23 May – 4 July 2015
The Documentary. Resistance and Critical Tendencies in Art.
Kasper Akhøj, Otto Berchem, Dora García, Maria Pask and Susan Philipsz
Ellen de Bruijne PROJECTS proudly presents the exhibition The Documentary. Resistance and Critical Tendencies in Art. This group exhibition focuses on the use of documentary in art as a form of resistance; as a way to show or even to form alternative communities.
The power of the documentary and its critical potential derives from its capacity to disclose unknown or unseen events. As such, the documentary can become a form of resistance, or a form of alternative community. It can resist the way events were formerly depicted, serving as critique, or it can create a different way of looking at those events, displacing or relocating them.
The works presented in The Documentary, existing of documents, photographs, songs or stories are taken up by the artists to displace them and by this act to relocate historical events and to create a new context for them. In their choice for existing “facts” or documents, all the artists engage in historical or political debates, without becoming explicitly political.
Captain Gervasio’s Family (2012) by Kasper Akhøj and Tamar Guimaraes is a silent black and white portrait of a Spiritist community in Palmelo, a small town in the interior of Brazil. It’s a town of 2000 inhabitants, half of whom are psychic mediums. The film refers to a map drawn by a Spiritist woman in Palmelo, charting twenty astral cities hovering above the whole of the Brazilian territory. Cities ‘like those on earth, but infinitely more perfect’. These astral cities are a splendid vision of modernity and a utopia of continuous progress and urbanisation. With their qualities as medium the community living in Palmelo shows projections of a city yet to be; it shows an alternative way to imagine the city.

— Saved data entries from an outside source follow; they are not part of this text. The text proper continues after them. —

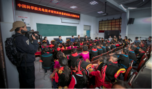 11月5日,中国科学院光电技术研究所18位在读博士硕士研究生来到大凉山的喜德瓦尔彝族学校,举办“科学牵手未来”科普进校园活动,捐赠建立“光电趣味馆”,并与100余位彝族孩子互动,开展有趣的科学实验。
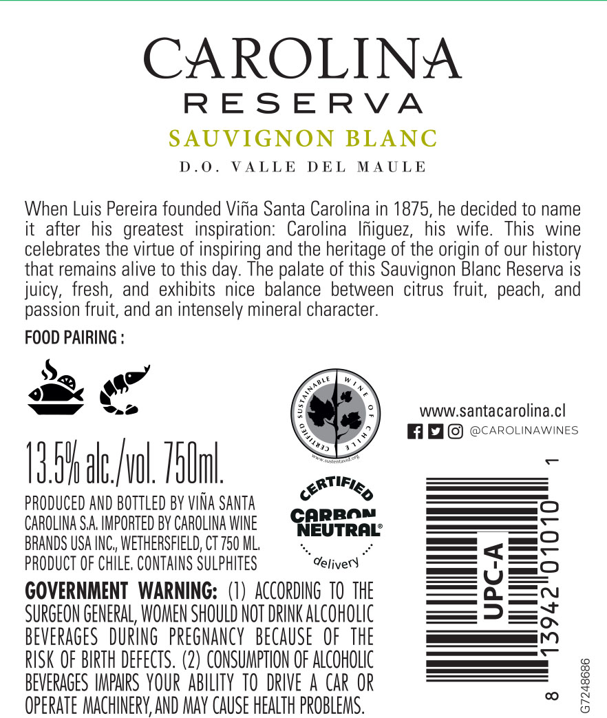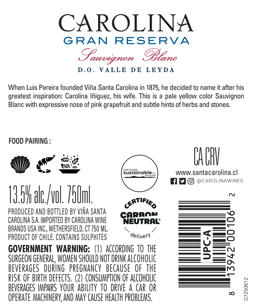 Carolina Gran Reserva Sauvignon Blanc expresses the elegance of Leyda Valley, shaped by Pacific breezes and granitic soils. Pale yellow in color, it reveals an expressive nose of pink grapefruit, fresh herbs and subtle mineral notes. The palate is juicy and vibrant, with crisp acidity, balanced citrus and stone fruit flavors, and a creamy texture gained from lees aging. Fresh, precise and refined, it is an outstanding wine for pairing with seafood, oysters and ceviche.
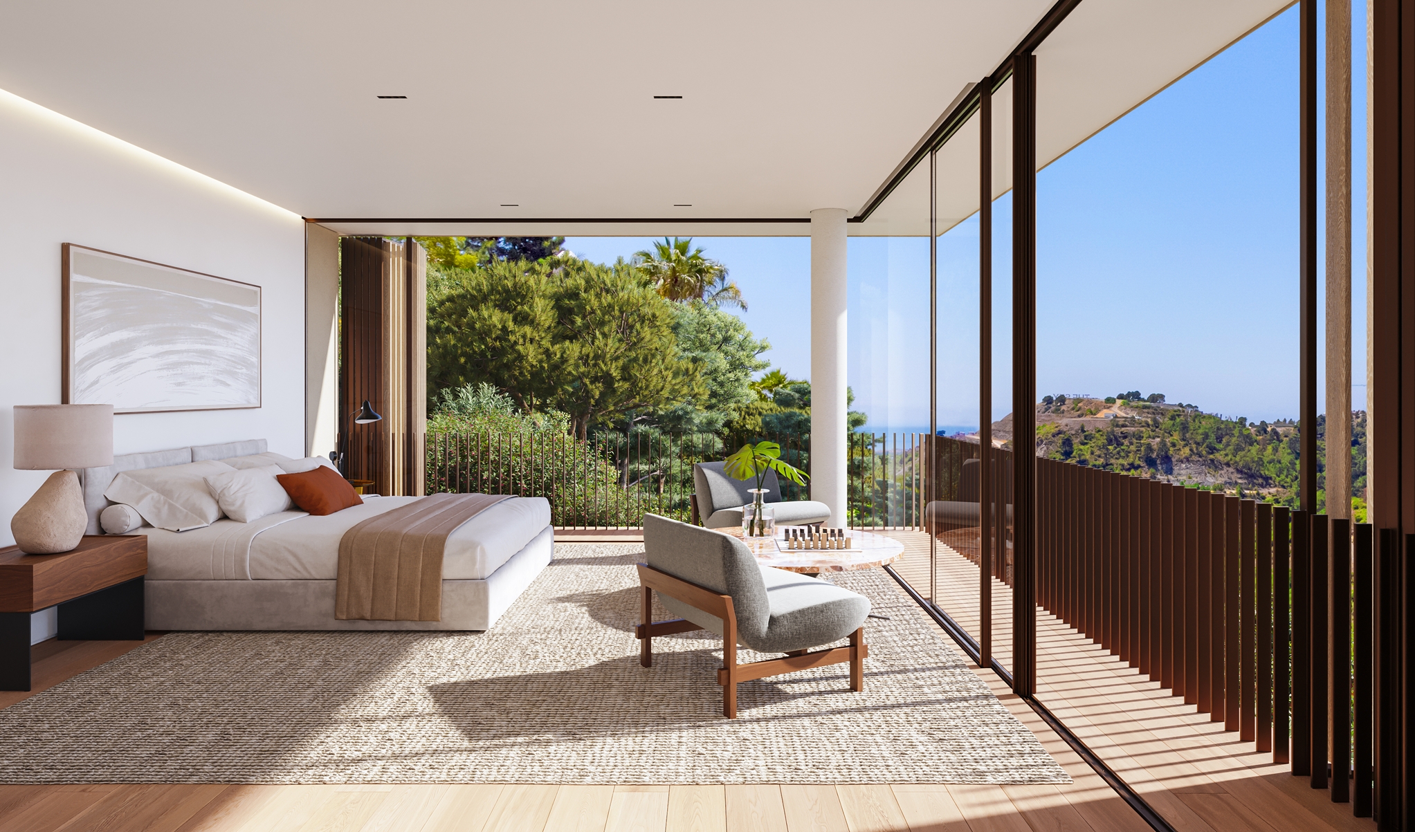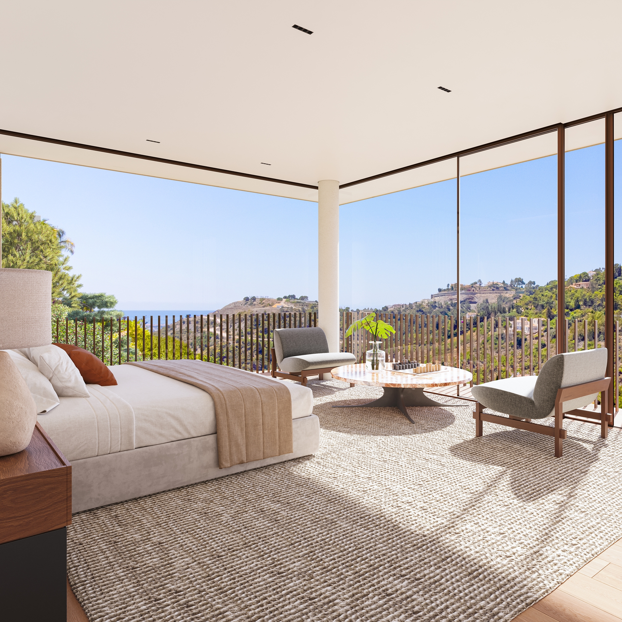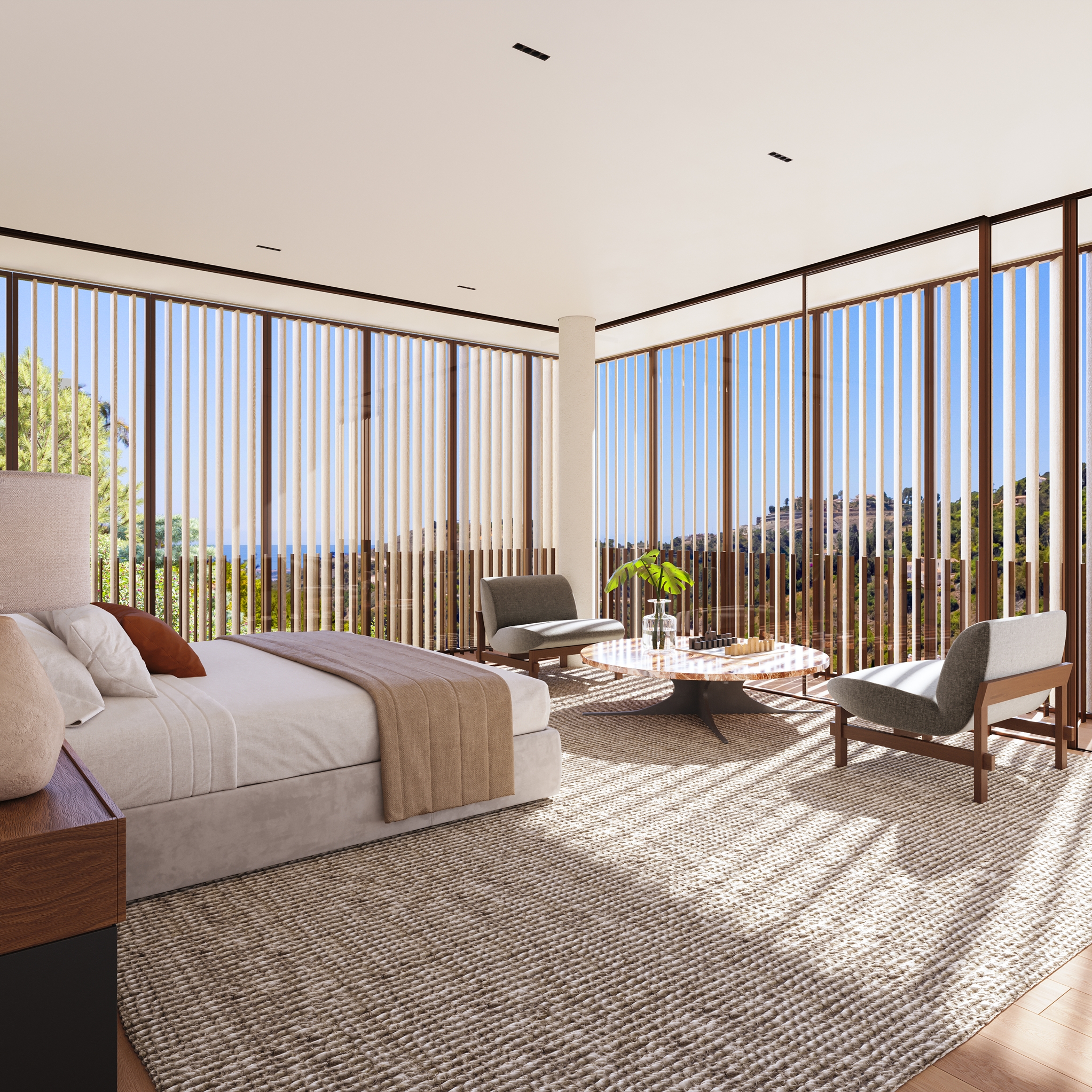The master bedroom is an ideal private oasis, exuding comfort and style. The bedroom is connected to a private terrace that sports panoramic views of the surrounding area and Mediterranean sea.
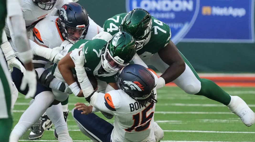 El Tottenham Hotspur Stadium de Londres fue testigo de una de las actuaciones ofensivas más desastrosas en la historia reciente de la NFL. Los New York Jets cayeron 13-11 ante los Denver Broncos en un encuentro que quedará marcado por un dato estadístico vergonzoso: el equipo neoyorquino terminó el partido con -10 yardas netas por pase, convirtiéndose en el primer equipo en registrar números negativos en esa categoría desde 2009.
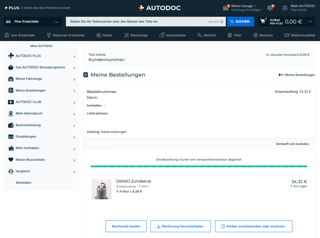 Weitere Informationen zu einer bestimmten Bestellung finden Sie unter "Bestelldetails". Klicken Sie auf "Bestelldetails", um den Kauf erneut durchzuführen, die Rechnung herunterzuladen oder eine Retourenanfrage zu stellen.
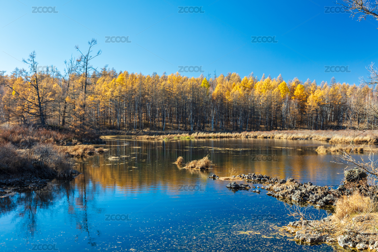 中国内蒙古阿尔山国家森林公园不冻河秋景
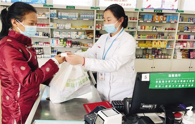市民在定點(diǎn)藥店刷卡購藥。記者 趙越 攝
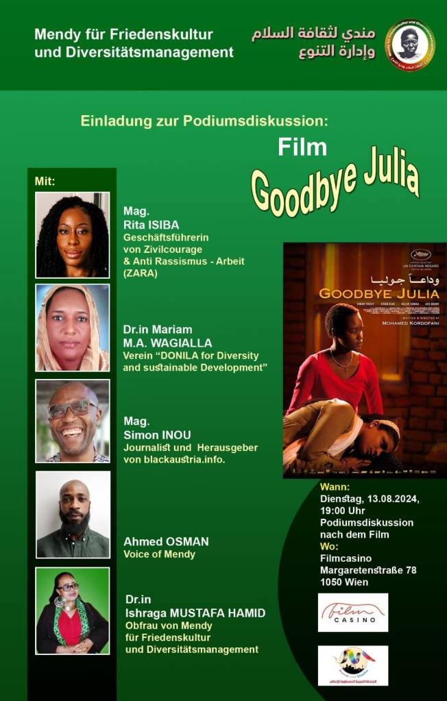 Mendy will organize in cooperation with the Film Casino on 13.08.2024 panel discussion after showing the sudanese film: Goodbye Julia.
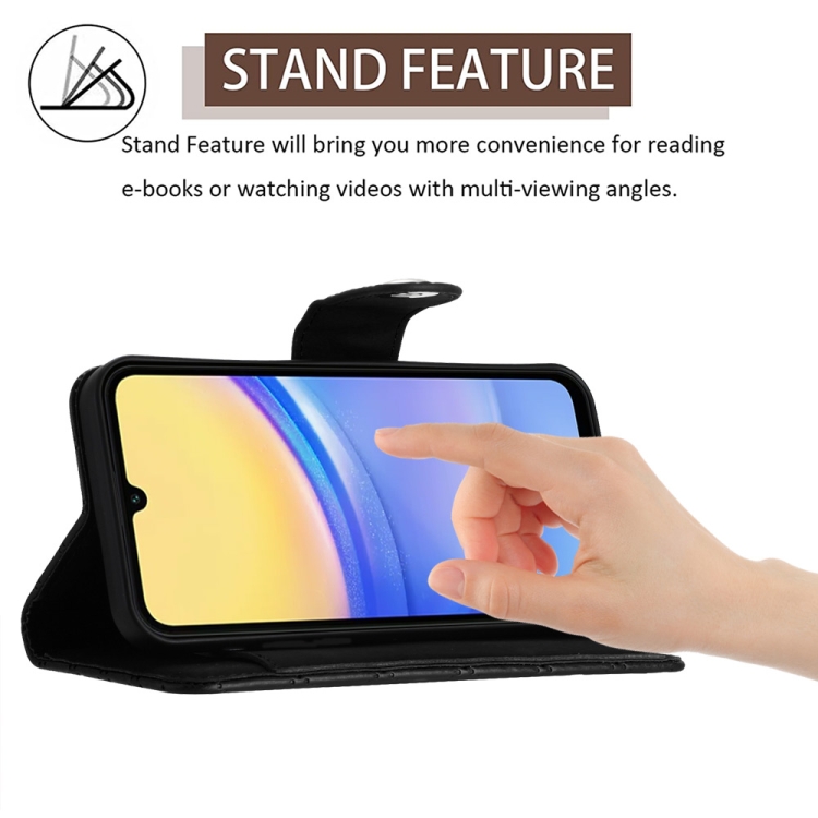 Funda de Cuero para Samsung Galaxy A05S con Tapa Textura Rómbica y Cordón Largo (Negro)

For his works presented in The Documentary, Otto Berchem used existing photographs of revolts and protests and colored parts of these photographs in accordance with his color alphabet. In the creation of this alphabet, Berchem became inspired by the writings of Jorge Adoum and the medical condition of Synesthesia, where one for example sees colors when reading letters or hearing music. Through this investigation, Berchem developed his own alphabet of designated colors. This results in a series of work reviewing iconic images and creating his own documents by strategically deleting pre-existing meanings and slogans, and replacing them with his interpretation of reality.
The scripted performance The artist without works, Berlin (2008) by Dora García will be on display, consisting of a script, a picture and newspaper articles. The performance itself consisted of a guided tour in the museum, and is about an artist that refuses to produce anything. The tour-guide speaks about this artist but at the same time is not informing the visitors about anything. The public is left empty-handed because all materiality seems to be evacuated from the situation. What will happen if the supposedly active element, the work of the artist, is eliminated from the formula? What will happen to the elements that are left: the museum as context, the expectations of the public, the verdict afterwards, and other unwritten rules of contemporary art?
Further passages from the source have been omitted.